A "7" can come out of each term, so I'll factor this out front:

7x – 7 = 7(         )
Dividing the 7 out of "7x" leaves just an "x":

7x – 7 = 7(x       )
What am I left with when I divide the 7 out of the second term? Well, if "nothing" is left, then "1" is left. (Remember: 7 ÷ 7 = 1.) So I get:

7x – 7 = 7(x – 1)

Take careful note: When "nothing" is left after factoring, a "1" is left behind in the parentheses.

• Factor 12y² – 5y.

In this case, no number is a common factor between the two terms (specifically, the 12 and the 5 share no common numerical factor), but I can still divide out a common variable factor of "y" from each of the two terms.

12y² – 5y = y(          )
In the first term, I have the "12" and the other "y" factor left over:

12y² – 5y = y(12y     )
(This is because 12y² means 12×y×y, so taking the 12 and one of the y's out front leaves the second y behind.) In the second term, I have the "5" left over:

12y² – 5y = y(12y – 5)

Don't forget the "minus" sign in the middle!

• Factor x²y³ + xy

I can factor an "x" and a "y" out of each term: x²y³ = xy(x¹y²) = xy(xy²) and xy = xy(1).

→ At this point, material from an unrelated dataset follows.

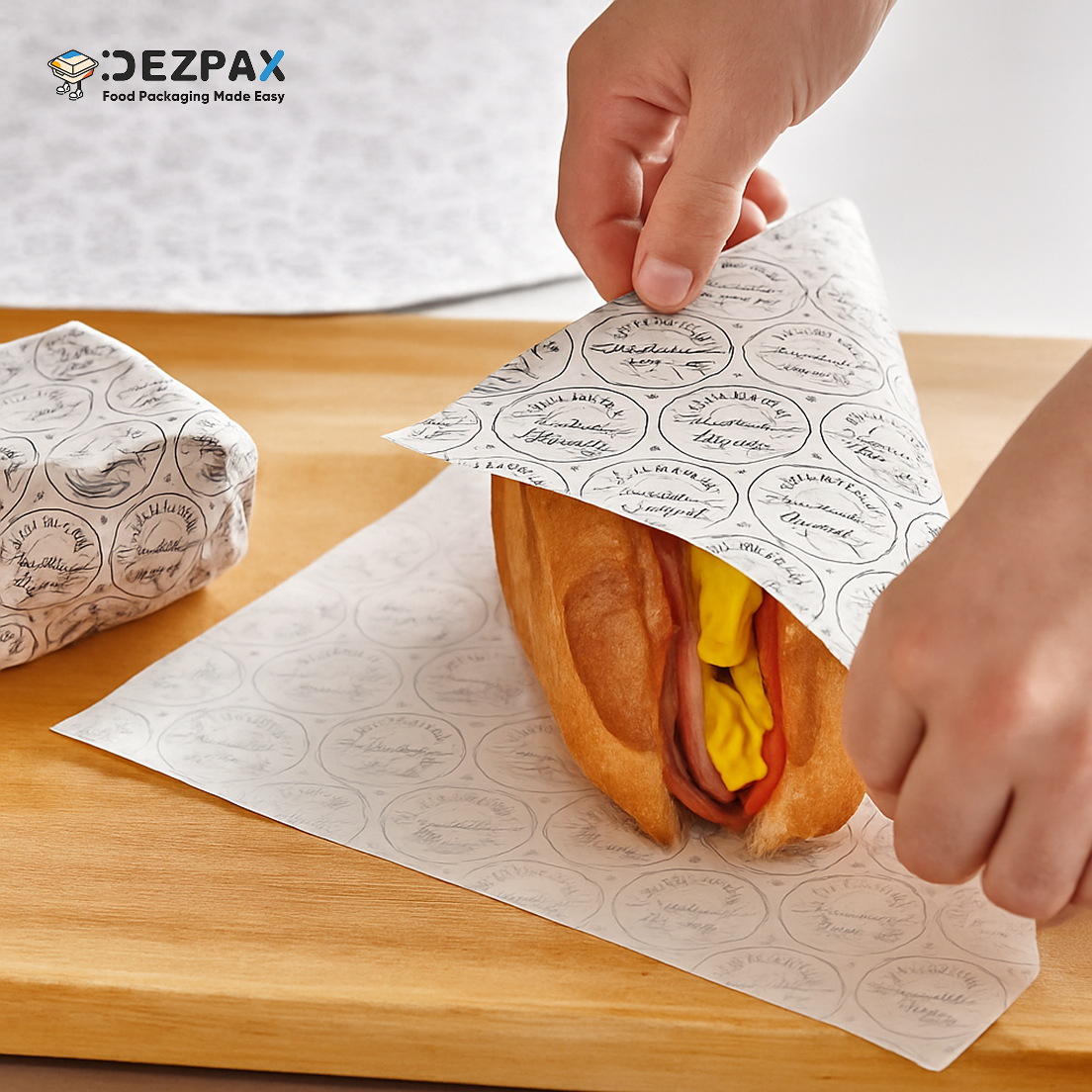 กระดาษ Food Grade ห่อ พัน ฉีกได้ ไม่ต้องพึ่งเทปกาว ไม่ต้องกังวลเรื่องสารปนเปื้อน ทานได้เลย เพื่อป้องการไม่อาหารเลอะมือ ประหยัดเวลาในการบริโภค ลดต้นทุนของบรรจุภัณฑ์ และยังมีให้เลือกหลากหลายขนาด โดยเริ่มต้นที่ขนาด 20X20 เซนติเมตร , 30X30 เซนติเมตร และ29X40 เซนติเมตร ที่สามารถรองรับอาหาร ประเภทเบอร์เกอร์ แซนวิชหรือขนมปัง เบเกอรี่ เช่น ครัวซองต์ แซนวิช ครีมฮอน ขนมปังบาร์แก็ต เป็นต้น

   x²y³ + xy = xy(           )

   = xy(xy²        )
   = xy(xy² + 1)

Remember: When "nothing" is left after factoring, a "1" is left behind in the parentheses.

• Factor 3x³ + 6x² – 15x.

I can factor a "3" and an "x" out of each term: 3x³ = 3x(x²), 6x² = 3x(2x), and –15x = 3x(–5). Being careful of my signs, I get:

3x³ + 6x² – 15x = 3x(                    )

= 3x(x²               )
= 3x(x² + 2x      )
= 3x(x² + 2x – 5)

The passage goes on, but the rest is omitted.